In this article, we will introduce an alternative solution: the Events API. This API is designed to ensure reliable, orderly, and efficient data synchronization, making it a superior choice for managing real-time data updates.

For illustration purposes, consider a simple project management application (TaskTango) that integrates with WorkOS to manage users and group memberships.
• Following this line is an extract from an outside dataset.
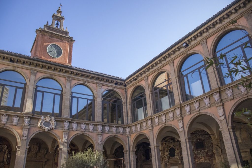 Архимастичный комплекс Архигимназии, связанный с историей Болонского университета, возник в XVI веке по инициативе Папы Пия IV. Изначально это было учебное заведение, работающее до начала XIX века. Теперь здание превращено в обширную библиотеку, включающую коллекцию редких манускриптов и антикварных изданий общим числом более 600 тысяч единиц.
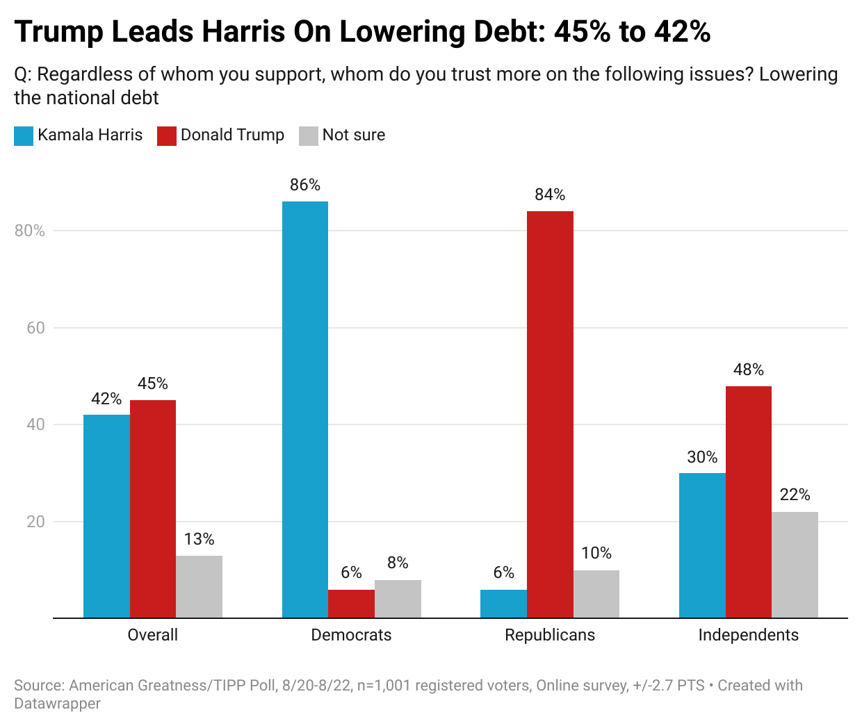 Along the same lines, Trump holds a three-point advantage in lowering the debt, with 45% preferring him compared to 42% for Harris. With independents, his advantage increases to 18 points—48% to 30%.

TaskTango uses lifecycle events such as user.<create|update|delete> and group.<user_added|user_removed> to:

These events are used to:

  1. Grant the user access to the tool upon account creation.
  2. Update their role to ensure they have the appropriate access to the necessary projects.
  3. Revoke access when the customer removes a user.

Webhooks

To illustrate a typical webhooks integration, consuming webhooks from WorkOS looks like:

  1. WorkOS exposes events as user.<created/updated/deleted> and group.<user_added/user_removed>, for the application to subscribe to.
  2. A sample user and group event payload would look like:
      
// User payload
{
  "id": "event_01ECAZ4NV9QMV47GW873HDCX74",
  "event": "user.created",
  "user_id": "user_01EZTR6WYX1A0DSE2CYMGXQ24Y",
  "organization_id": "org_01EHZNVPK3SFK441A1RGBFSHRT"
  "email": "bob@foocorp.com",
  "role": "manager",
  "created_at": "2021-06-25T19:07:33.155Z",
  "updated_at": "2021-07-10T07:18:14.298Z"
}

// Group payload
{
  "id": "event_01E1JG7J09H96KYP8HM9B0G5SJ",
  "event": "group.user_added",
  "group_id": "group_01ECAZ4NV9QMV47GW873HDCX74",
  "user_id": "user_01EZTR6WYX1A0DSE2CYMGXQ24Y",
  "organization_id": "org_01EHZNVPK3SFK441A1RGBFSHRT"
  "created_at": "2021-06-26T20:04:12.782Z",
  "updated_at": "2021-06-29T14:03:19.491Z"
}
      
      
  1. A TaskTango developer implements a publicly accessible web endpoint at /webhooks . The endpoint filters for the event type and appropriately handles the payload according to the application’s requirements.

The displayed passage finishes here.